Okullarda okutulan Andımız ve andımız içinde geçen kavramlar etrafında şekillenen tartışmaları izliyoruz son günlerde.
Bu kavramlardan biri de Türklük…
Sosyal medyada, siyasiler arasında yapılan yorumları okuyoruz.
Bu tartışmalara benzer herhangi bir tartışma Batı ülkelerinde yapılmaz.
Neden, çünkü orada üst kimlik konusunda tartışılmayan, tartışılması dahi akla getirilmeyen bir mutabakat vardır.
Mesela orada Türkiyelilik gibi bir safsataya rastlamazsınız, çünkü bir İngiliz’e milliyetini sorduğun zaman İngiltereliyim demez, İngiliz’im der. Fransız ya da Alman için de aynı şey söz konusudur.
İngiliz , Fransız ya da Alman üst kimliği üzerinden tartışma açılmaz.
Milleti var eden ana omurga hiçbir şekilde örselenmez, tartışmaya açılmaz.
Oralarda milliyet , vatandaşlık, din gibi meselelerde kafa karışıklığı yoktur.
Aslında bu meseleyi 20 yüzyılın başında Ziya Gökalp bir tanımıyla kökten halletmiştir. Türk milliyetçiliğinin kapısı olan Ziya Gökalp kimsin sorusuna; Türk milletindenim, İslam ümmetindenim diyerek cevap verir…
Sosyoloji, tarih, ilahiyat bilmemize gerek yoktur bunu söylemek, bu cevabı vermek için.
Bu tartışmalar olmasın diye aslında tarihte yolculuğa çıktığımızda Orhun âbideleri, öğütlerine kulak vermiş olsak yeter…
Orhun âbideleri, hakkında en yetkin eserlerden birini kendini Türk bilimine adamış olan Muharrem Ergin hoca vermiştir.
Orhun âbideleri, Göktürkler döneminde yazılmış olup hem bir öğüt hem bir vasiyet hem de bir rehber kitap niteliğindedir. Göktürkler döneminde tarihe not düşmek adına kayalara kazınmıştır.
Abide Bilge Kağan devrinin mahsulleridir. Birincisi olan Kül Tigin abidesini ağabeyi Bilge Kağan 732'de diktirmiş, ikincisi olan Bilge Kağan âbidesini de ölümünden bir yıl sonra 735'te kendi oğlu olan kağan diktirmiştir.
Üçüncü olarak verilen Tonyukuk âbidesi ise 720 - 725 senelerinde kendisi tarafından dikilmiştir.

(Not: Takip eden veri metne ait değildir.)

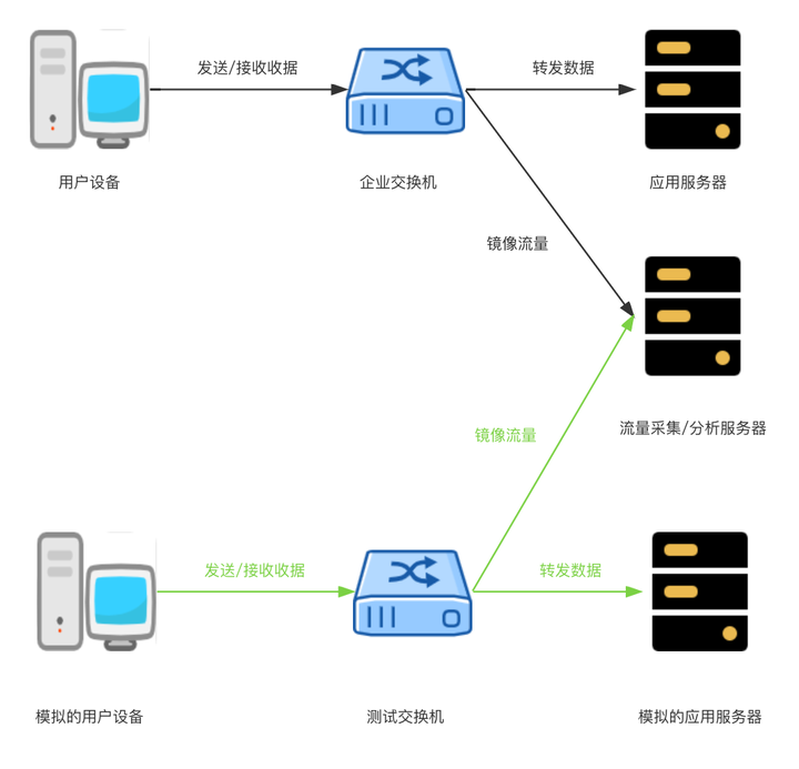 在上述架构中,交换机通过流量镜像的方式,将用户与应用服务器之间的流量“复制”给流量采集/分析服务器。流量服务器上部署的采集探针负责协议数据包的重组,以及一部分流量分析工作,比如判断数据包是否触发某些规则。此时,需要对流量采集探针进行两方面的测试工作:

Türk adının, Türk milletinin isminin geçtiği ilk Türkçe metindir bu yazıtlar...
İlk Türk tarih, taşlar üzerine nakşedilmiştir..
Türk devlet adamlarının milletiyle helalleşmesi, millete hesap vermesi, milletle hesaplamasıdır..
Devlet ve milletin karşılıklı vazifeleri, Türk nizaminin, Türk töresinin, Türk medeniyetinin, yüksek Türk kültürünün büyük vesikasıdır
Orhun abideleri.. Türk askerî dehasının, Türk askerlik sanatının esaslarını da burada görürüz.
Türk gururunun ilahî yüksekliği, Türk feragat ve faziletinin büyük örneği de bu abidenin satırlarında ilmek ilmek işlenmiştir.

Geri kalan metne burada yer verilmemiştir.